Effects of gonadectomy on polymorphism in stored and circulating gonadotropins in the bullfrog, Rana catesbeiana. I. Clearance profiles

Marked differences were observed between the clearance profiles of immunoreactive plasma gonadotropins in gonadectomized and intact male bullfrogs (Rana catesbeiana). The disappearance patterns of endogenously secreted follicle-stimulating hormone (FSH) and luteinizing hormone (LH) from plasma of intact animals following chronic (1-4 days) infusion with gonadotropin releasing hormone (GnRH) showed multiple components, but the initial few half-lives were relatively short (less than 1 h) and about 90% of both gonadotropins were cleared from the plasma within 6 h.
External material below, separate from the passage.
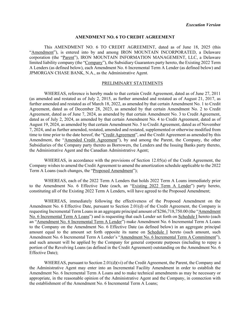 执行版本修订第6号至信贷协议本修订第6号至信贷协议,日期为2025年6月18日(本“修订”),由特拉华州公司IRON MONTAIN INCORPORATed(“母公司”)、特拉华州有限责任公司IRON MONTAIN INFORMATION MAGEMENT,LLC(“公司”)、本协议的附属担保方、现有的2022年期限A放款人(定义见下文)、每项修订第6号增量期限A放款人(定义见下文)和JPMorgan CHASE BANK,N.A.作为行政代理人订立。然而,谨此提述截至2011年6月27日的若干信贷协议(截至2015年7月2日经修订和重述,截至2017年8月21日经进一步修订和重述,截至2022年3月18日经进一步修订和重述,截至2023年12月28日经信贷协议第1号修订,截至2024年6月7日经信贷协议第2号修订,截至2024年7月2日经信贷协议第3号修订,经日期为2024年8月19日的信贷协议第4号若干修订修订修订,经日期为2024年11月7日的信贷协议第5号若干修订修订修订,以及经进一步修订、重述、修订及重述、补充或以其他方式于本协议日期前不时修订的《信贷协议》及经本修订修订的信贷协议,“经修订的信贷协议”),由母公司、公司、作为借款方的公司其他附属公司、贷款人及作为借款方的发行银行之间,行政代理人及加拿大行政代理人;鉴于根据信贷协议第12.05(a)节的规定,公司希望修订信贷协议,以修订适用于2022年A期贷款的摊销时间表(该等变更,“建议修订”);鉴于在紧接第6号修订生效日期之前持有2022年A期贷款的每一2022年A期贷款人(各自为“现有2022年A期贷款人”),构成所有现有2022年A期贷款人,将已同意建议修订;鉴于,紧随建议修订于第6号修订生效日期生效后,根据信贷协议第2.01(d)节,公司要求提供本金总额为286,718,750.00美元的增量定期贷款(“第6号修正案增量期限A贷款”),并要求在本协议附表I中列出的每个贷款人(每个都是“第6号修正案增量期限A贷款人”)在第6号修正案生效日期(定义见下文)向公司提供本金总额等于本协议附表I中与其名称相对的金额(该金额,该第6号修正案增量期限A贷款人的“第6号修正案增量期限A承诺”),而该等金额将由公司申请用于一般公司用途(包括偿还于第6号修订生效日期尚未偿还的部分循环贷款(定义见信贷协议));鉴于根据信贷协议第2.01(d)(vi)节,母公司、公司及行政代理人可订立增量融资修订,以确立第6号修订的增量A期贷款,并根据行政代理人及公司的合理意见作出必要或适当的技术性修订,与设立第6号修正案增量A期贷款有关;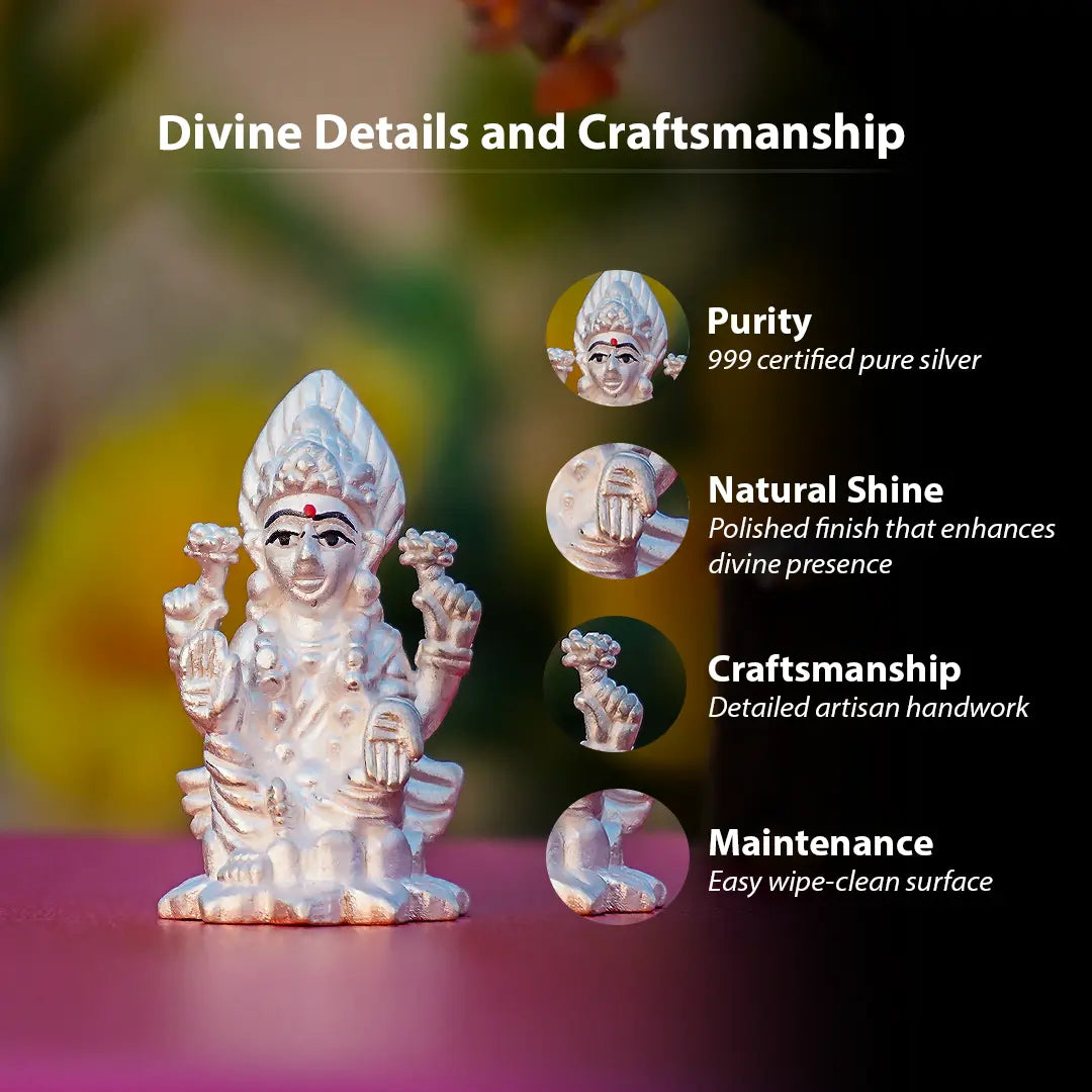 Invoke the blessings of wealth, abundance, and positivity with this graceful Maa Lakshmi Idol from Vedic Vaibhav. Made from 999 pure certified silver and weighing 13.280 grams, this miniature idol features exquisite craftsmanship and delicate facial detailing, capturing the serenity and grace of the Goddess of Fortune. Ideal for your home mandir, office desk, or festive gifting, this idol brings both aesthetic appeal and spiritual significance. Comes with a certificate of purity, making it a trusted and auspicious addition to your sacred collection. Crafted from 99.9% certified pure silver Gross weight: 13.280 grams Symbol of wealth, success, and divine grace Perfect for pooja rooms, gifting, and festivals Hand-painted accents for enhanced spiritual charm Comes with authenticity certificate from Vedic Vaibhav

Hypophysectomy had no effect on gonadotropin clearance rates following the termination of GnRH infusion. Clearance profiles of exogenous gonadotropins after chronic (6 h) infusion of bullfrog pituitary extract were similar to those observed after GnRH infusion. Gonadectomized frogs also cleared these infused pituitary gonadotropins at the same rate as intact animals, confirming that gonadectomy did not impair peripheral clearance mechanisms. Relatively rapid clearance rates were also observed for endogenous FSH and LH in normal untreated frogs. By comparison, the disappearance rates of FSH and LH from plasma of six long-term gonadectomized males following hypophysectomy were extremely slow: first half-lives for FSH and LH were 25.6 h and 17.2 h, respectively, and subsequent half-lives were even longer. Several weeks were required to clear fully the FSH and LH from the circulation in these males. Thus, a significant change in the physicochemical form of the circulating gonadotropins after gonadectomy in the male bullfrog is postulated; the corresponding changes in clearance rates were considerably greater than have been observed in any other species.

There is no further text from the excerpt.